Primary Research Interests

1. Precision Phenotyping of Complex, Heterogenous Conditions

The presence of heterogeneity in complex conditions indicates the potential for both differing underlying biology / disease etiologies as well as environmental effects. We aim to use machine learning methods to better characterize phenotypes in order to exploit this heterogeneity to better understand biology and/or environmental factors of disease.

2. Safe and Effective Deployment of Machine Learning in the Clinic

The rapid advancement of AI tools in clinical care demands robust strategies in implementation sciences, effective deployment, enhanced physician-computer interaction, and thorough impact assessment. As the creation of cutting-edge models becomes more prevalent, there's a tendency to overvalue their positive effects without adequately weighing the potential drawbacks, such as physician burnout and shifts in health equity. Our group is committed to devising tactics to refine models for specific healthcare environments, ensuring their seamless integration into clinical routines, and meticulously gauging their efficacy. Without rigorous assessments, including strategies like randomization, we cannot be sure these tools are leading to better healthcare. We are developing methods to address these and related problems.

Select Publications

See a full list on Google Scholar

Synthetic Data Distillation Enables the Extraction of Clinical Information at Scale

Elizabeth Geena Woo*, Michael C Burkhart*, Emily Alsentzer, Brett Beaulieu-Jones Preprint (2024)
*co-first authors

Our team demonstrated that synthetic data distillation can fine-tune smaller, open-source large-language models (LLMs) to achieve performance similar to larger models in extracting clinical information. This smaller model outperforms its base version and sometimes even the larger model. This approach will enable more scalable and cost-efficient clinical information extraction, improving tasks like patient phenotyping.

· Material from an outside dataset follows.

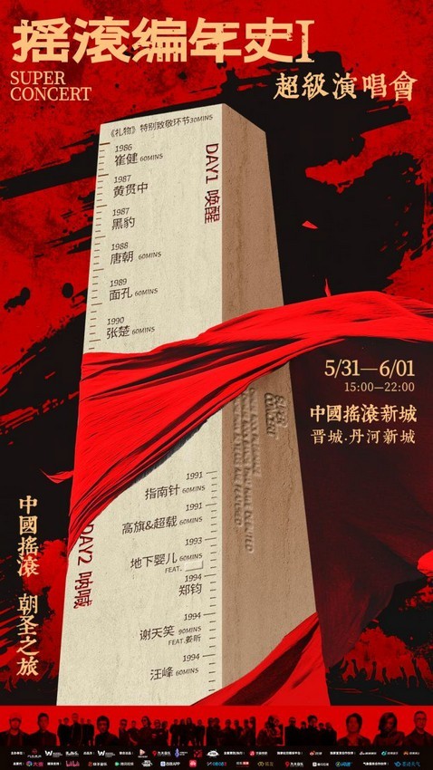 2025年5月31日至6月1日,一场被誉为“中国摇滚里程碑式重聚”的大型演出——“摇滚编年史-超级演唱会”将在山西省晋城市丹河体育场盛大举行。此次演出集结12支中国殿堂级乐队,并将携手多位重量级音乐人/乐队做特别呈现,随着N大亮点的发布,引发全国乐迷全网热议,社交平台热度直线飙升,并被众多乐迷称为“有生之年”系列演唱会,这场全国瞩目的摇滚音乐盛会势必将点燃中国摇滚新的高燃时刻。

Disease progression strikingly differs in research and real-world Parkinson’s populations

Brett K Beaulieu-Jones, Francesca Frau, Sylvie Bozzi, Karen J Chandross, M Judith Peterschmitt, Caroline Cohen, Catherine Coulovrat, Dinesh Kumar, Mark J Kruger, Scott L Lipnick, Lane Fitzsimmons, Isaac S Kohane, Clemens R Scherzer. npj Parkinson's disease (2024)

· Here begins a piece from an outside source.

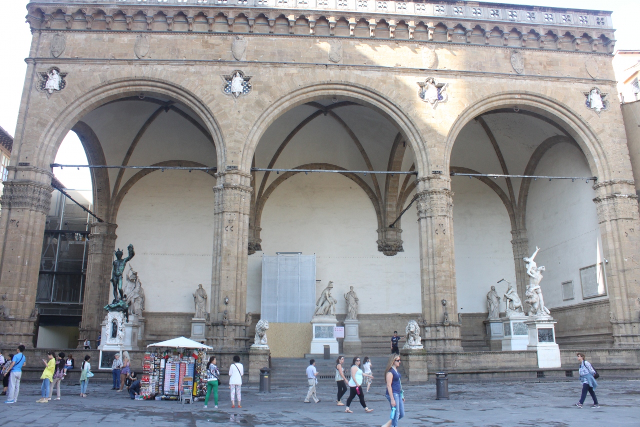 ヴェッキオ宮殿前の広場です。周りにはカフェなどがありました。ヴェッキオ宮殿の入り口には、ミケランジェロのダビデ像のレプリカがあります。入口の右横には、様々な石像が展示されていました。展示されている石像は撮影禁止のようでした。

Our team compared Parkinson's disease (PD) progression across research and real-world populations, utilizing real-world data (RWD) and large language models for detailed characterization. It finds that patients in real-world settings are diagnosed later and start treatment later than those in research populations, with faster motor and cognitive progression in real-world cohorts. The study highlights the differences between research and real-world populations, emphasizing the need to use diverse data sources and account for biases in clinical trial design and analyses.

Predicting seizure recurrence after an initial seizure-like episode from routine clinical notes using large language models: a retrospective cohort study

Beaulieu-Jones, Brett K., Mauricio F Villamar, Phil Scordis, Ana Paula Bartmann, Waqar Ali, Benjamin D Wissel, Emily Alsentzer, Johann de Jong, Arijit Patra, Isaac Kohane. Lancet Digital Health (2023)

Our team demonstrated machine learning models, particularly large language models pre-trained on domain-specific data, are highly effective in predicting seizure recurrence in children after an initial seizure-like event. These models outperformed traditional structured data approaches and indicate that clinical notes contain significant information useful for the prediction of seizure recurrence.

Phenotypic overlap between rare disease patients and variant carriers in a large population cohort informs biological mechanisms

Lane Fitzsimmons, Undiagnosed Diseases Network, Brett Beaulieu-Jones*, Shilpa Nadimpalli Kobren* Preprint (in press) (2024)
*co-corresponding

The biological mechanisms causing extreme symptoms in rare disease patients are complex and often elusive. This study analyzes genotype and phenotype data from the UK Biobank to understand the pathways leading to seizures in undiagnosed patients from the Undiagnosed Diseases Network. By examining milder, related symptoms in UK Biobank participants with similar genetic variants, the study aims to shed light on the molecular mechanisms behind these rare conditions

Characterizing the connection between Parkinson's disease progression and healthcare utilization

Lane Fitzsimmons, Francesca Frau, Sylvie Bozzi, Karen Chandross, Brett Beaulieu-Jones Preprint (2024)

This study analyzed Parkinson's disease (PD) progression by examining clinical events across different Hoehn & Yahr (H&Y) stages extracted using natural language processing. It provides a view of healthcare utilization at different H&Y stages, models expected H&Y progression and demonstrates the potential value for a therapeutic which would slow progression.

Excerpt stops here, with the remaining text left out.